To further confirm that COX-2 was required for C1P-mediated P-glycoprotein induction, we performed transport assays using COX-2-deficient mice. Figure 5D shows that C1P treatment on wild-type mice brain capillaries resulted in a 2-fold fluorescence increase of P-glycoprotein activity comparable to the increases observed in wild-type rat brain capillaries. C1P exposure in brain capillaries isolated from COX-2–deficient mice produced no change in the luminal accumulation of NBD-CSA (Fig. 5D). These results indicate that COX-2 is necessary for C1P to increase P-glycoprotein activity.

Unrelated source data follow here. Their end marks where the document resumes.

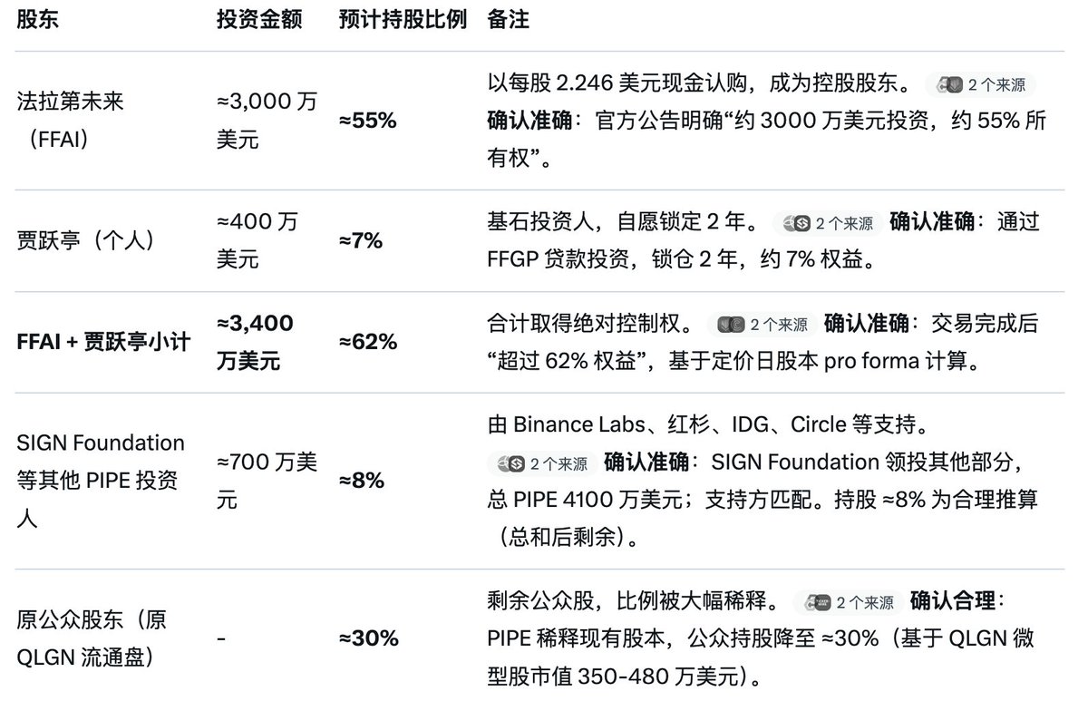 法拉第未来掏 3000 万,拿下控股权;贾跃亭个人投了 400 万,锁仓两年;合计持股超 62%。这波背后还拉来了 SIGN Foundation,背书方包括 Binance Labs、红杉、IDG、Circle。资本拼图一亮相,故事立马就不一样了。
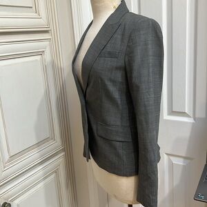 Beautiful condition, like new. Pockets still sewn shut. Size 2, displayed on my size 4 mannequin for reference. Theory Gabe B Sege blazer, 99% lightweight and soft virgin wool. gray but not solid.. it looks almost like a micro checked print. Photo taken up close. Stock photos may not be exact and used for style and fit.
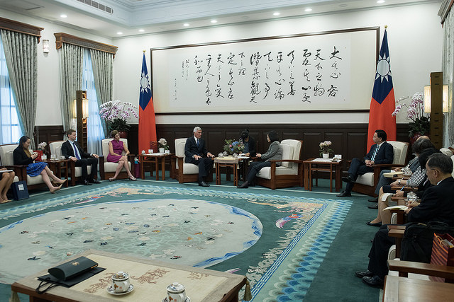 訪賓一行由外交部部長李大維陪同,前來總統府晉見總統,總統府秘書長吳釗燮亦在座。
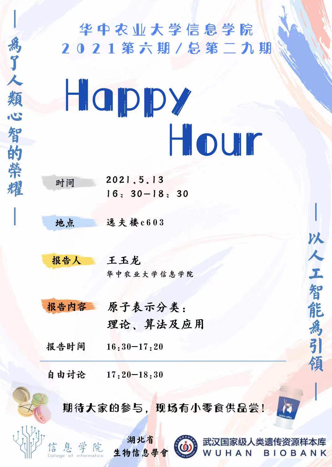 本学期第6期Happy hour活动定于5.13(周四)16:30—18:30,在逸夫楼C603会议室举行。报告人为:明星换脸av 王玉龙教授,报告题目为《原子表示分类:理论、算法及应用》。欢迎参加!
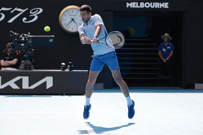 Novak Djokovic éliminé en demi-finale par J.Sinner (6-1, 6-2, 6-7 [8-6], 6-3) lors de l'Open d'Australie à Melbourne, le 26 janvier 2024. © Panoramic / Bestimage Novak Djokovic eliminated in the semi-final by J.Sinner (6-1, 6-2, 6-7 [8-6], 6-3) at the Australian Open in Melbourne, January 26, 2024.
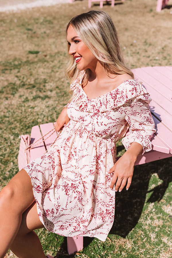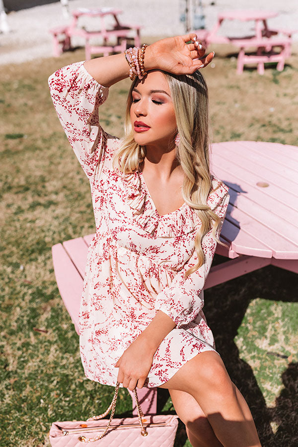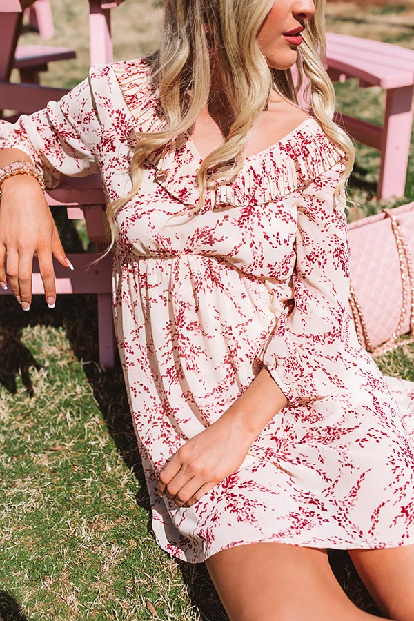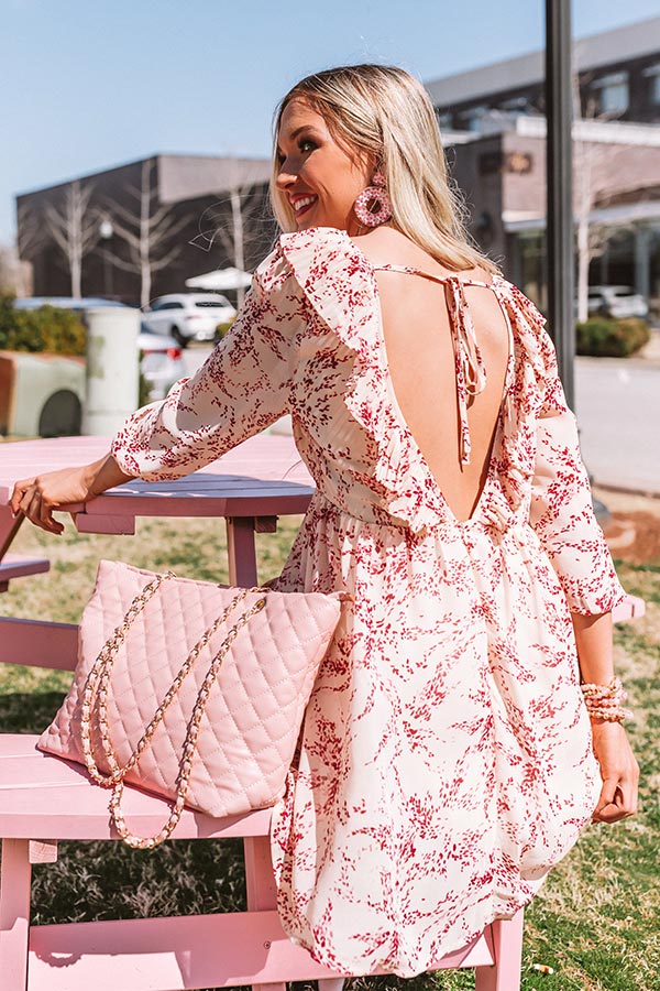 There is no better piece to wear while enjoying a "tour of Tribeca" than this champagne colored shift dress featuring lightweight breezy material patterned with a red floral print, ruffled trim detailing along the v-cut neckline and low open back with a tie closure, 3/4-length bubble half sleeves with fitted elastic banded cuffs, and a relaxed silhouette that falls into a straight mid-thigh length hemline! We have styled this cutie with some white heels and a blush clutch and statement earring, but you can also wear it with "The Sydney Wedge in Gold" and our "Pretty And Poised Rhinestone Hair Clip Set in Champagne!" Measurements
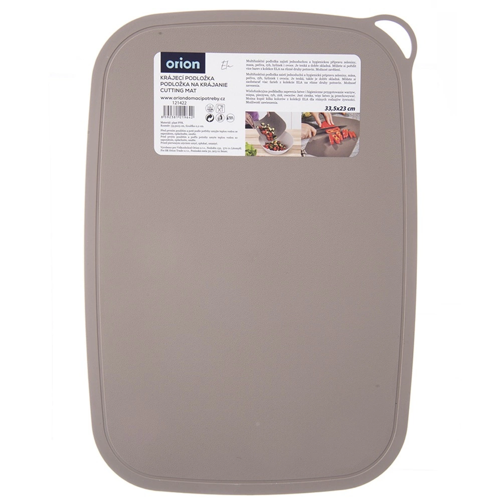 Elastična rezalna podloga ELA z merami 33,5 × 23 × 0,1 cm je lahka, tanka in izjemno praktična za vsakodnevno rezanje mesa, zelenjave in sadja. Upogljiv material omogoča, da podlogo preprosto prepognete in natančno usmerite sestavine v posodo, zato kuhinja ostane čista.
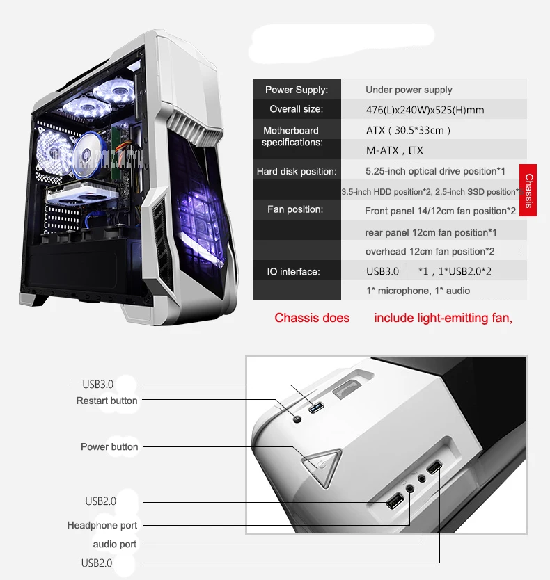 Weight: 11kg Chassis include light-emitting fan Picture showing :
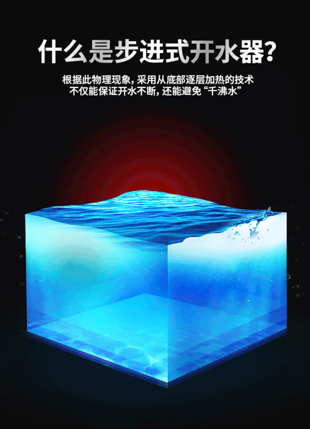 步进式饮水机所实现的是逐层进水,逐层加热,水被逐渐加热。步进式饮水机使得冷热水分离不会产生混合在一起的阴阳水的情况,保证了一次沸腾的健康的开水,是真正好用节能的校园直饮水开水器,电能控制确保了只有一次的沸腾,不让其重复加热烧开,例如箱体进了一升水之后,必须加热烧开,同时底部再次进一升的水,如此循环达到水箱满箱的情况。
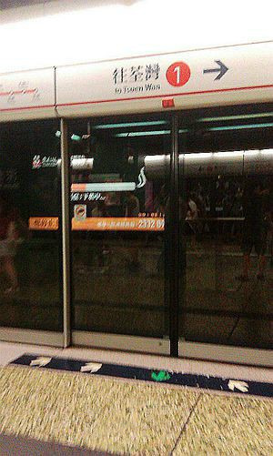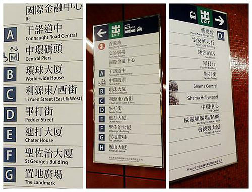坐地铁往中环方向走,香港地铁进出口地板都标有进出的箭头。
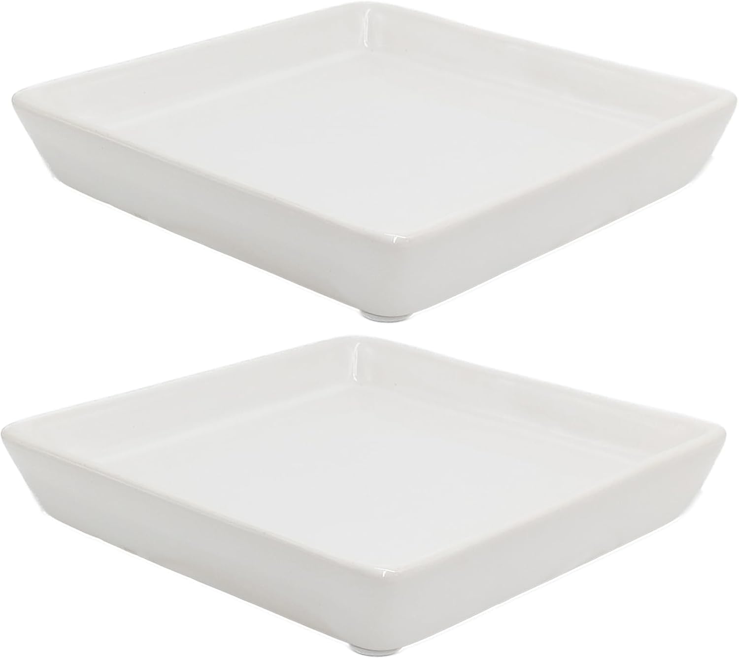 Square Plant Saucer 6 Inch 2 Pack,Plant Trays for Pots, White Ceramic Plant Saucers for Indoors Outdoors, Plant Drip Tray 4 6 8 10 12 14 Inch
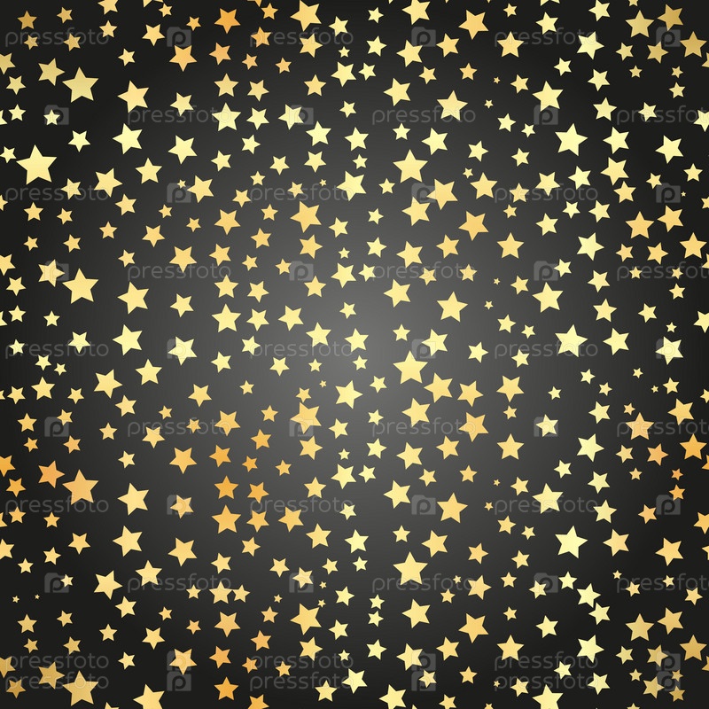 Золотая звезда гладкий узор. Абстрактный черный современный гладкий узор с золотыми звёздами конфетти. Векторная иллюстрация. Блестящий фон. Текстура золотой фольги
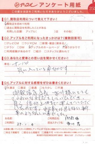 お車のご相談・ 査定だけでもOK! カンタン 入力 30秒 アップルがブランド買取始めました! お電話でも受付中! 受付時間10:00 ~ 18:00 0120-81-3776 お車のご相談・ 査定だけでもOK! カンタン 入力 30秒 アップルがブランド買取始めました! お電話でも受付中! 受付時間10:00 ~ 18:00 0120-81-3776 アップルがブランド買取始めました! お電話でも受付中! 受付時間10:00 ~ 18:00 0120-81-3776 店舗情報 在庫車 スタッフ紹介 ブログ お客様の声 キャンペーン 無料査定 click お客様の声 ご記入日: 2015/01/04 オーパ ご購入 H.T様 ☆頂きましたアップルに対する感想・・大満足御殿場店、店長市川様にとても丁寧な対応をしていただき、自ら信州上田まで運んでいただいたのです。中古車とは思えない新車のようないい車でした。 前へ 次へ お客様の声一覧を見る
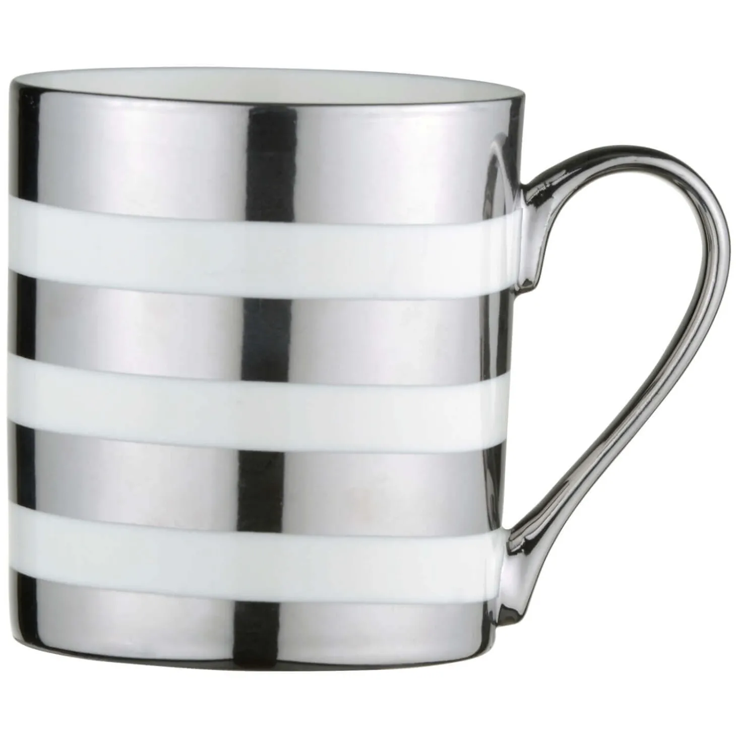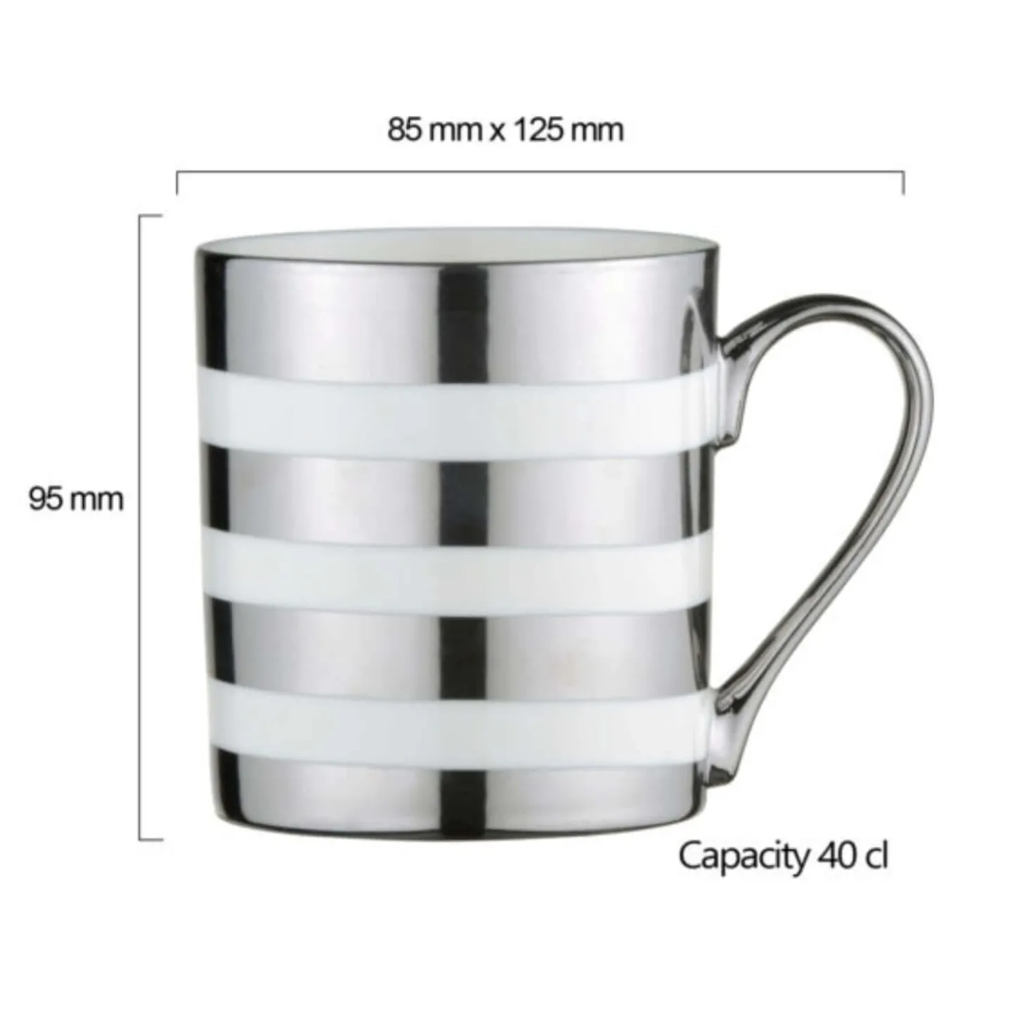 Bia International presents the Stripes Mug in Platinum, beautifully decorated using a platinum electroplated design with a platinum handle and rim. This stunning mug is made from porcelain with a high-quality glaze creating an excellent finish. An elegant mug for your tea or coffee for either yourself or a guest.
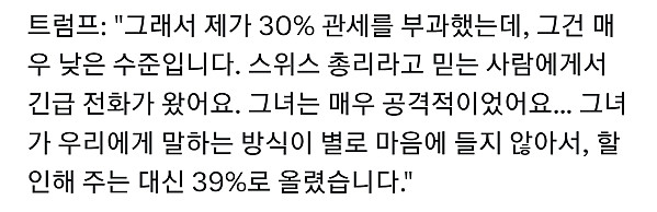 트럼프가 스위스 관세를 39%로 높였던 이유 작성자 정보 하프라인 작성 작성일 2026.02.14 11:40 컨텐츠 정보 11,292 조회 목록 본문 [스위스 총리 말투가 싸가지 없어서]이것이 세계 최강대국의 치밀하고 체계적인 관세협상이다!참고로 스위스는 총리가 없고 저때 대화상대는 스위스 대통령이었음. 관련자료 댓글 0 등록된 댓글이 없습니다. 로그인한 회원만 댓글 등록이 가능합니다. 목록
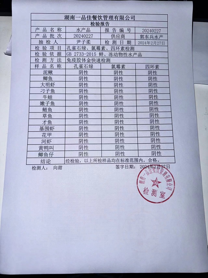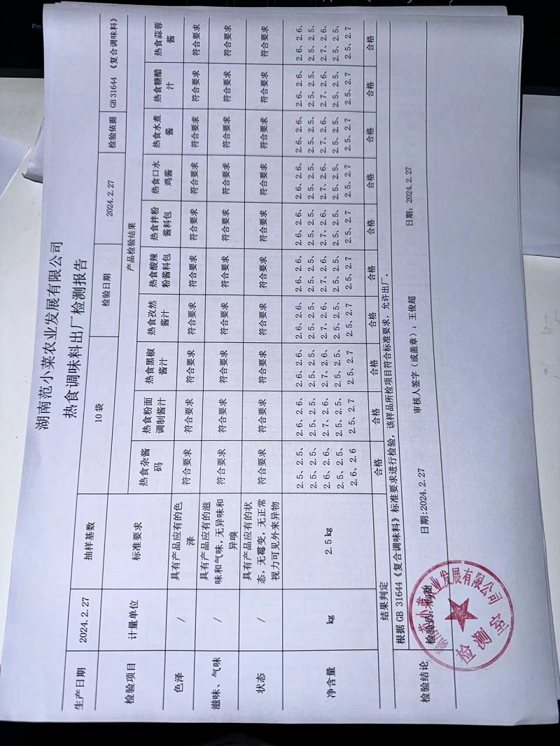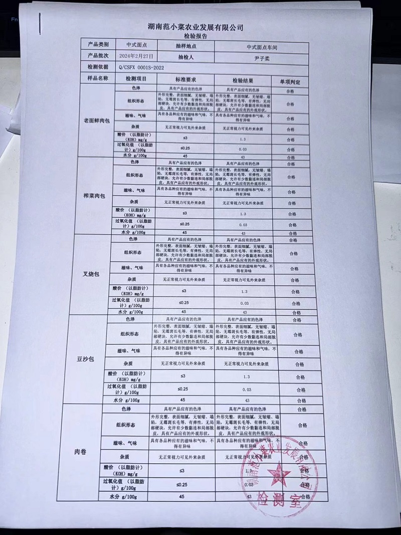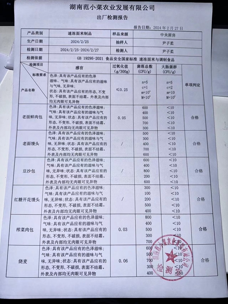 范小菜、一品佳热食肉制品、调味料、意面、农残、水产、中点、速冻米面制品2024.2.27

C1P Pathway Involves PGE2 Receptor.

Previous research in cell lines has proposed the existence of an as-yet-unidentified G-protein–coupled C1P-specific receptor (Granado et al., 2009). In our study, blocking Gi, Go, and Gs activation with a G-protein antagonist peptide prevented C1P from inducing P-glycoprotein activity (Fig. 6A). However, because no C1P-specific receptor has yet been identified in brain capillaries, we sought to investigate alternative explanations for this observation. We thus explored downstream signaling events in the PLA2/COX-2 pathway that involve G-protein–coupled receptors.

Fig. 6.

Fig. 6.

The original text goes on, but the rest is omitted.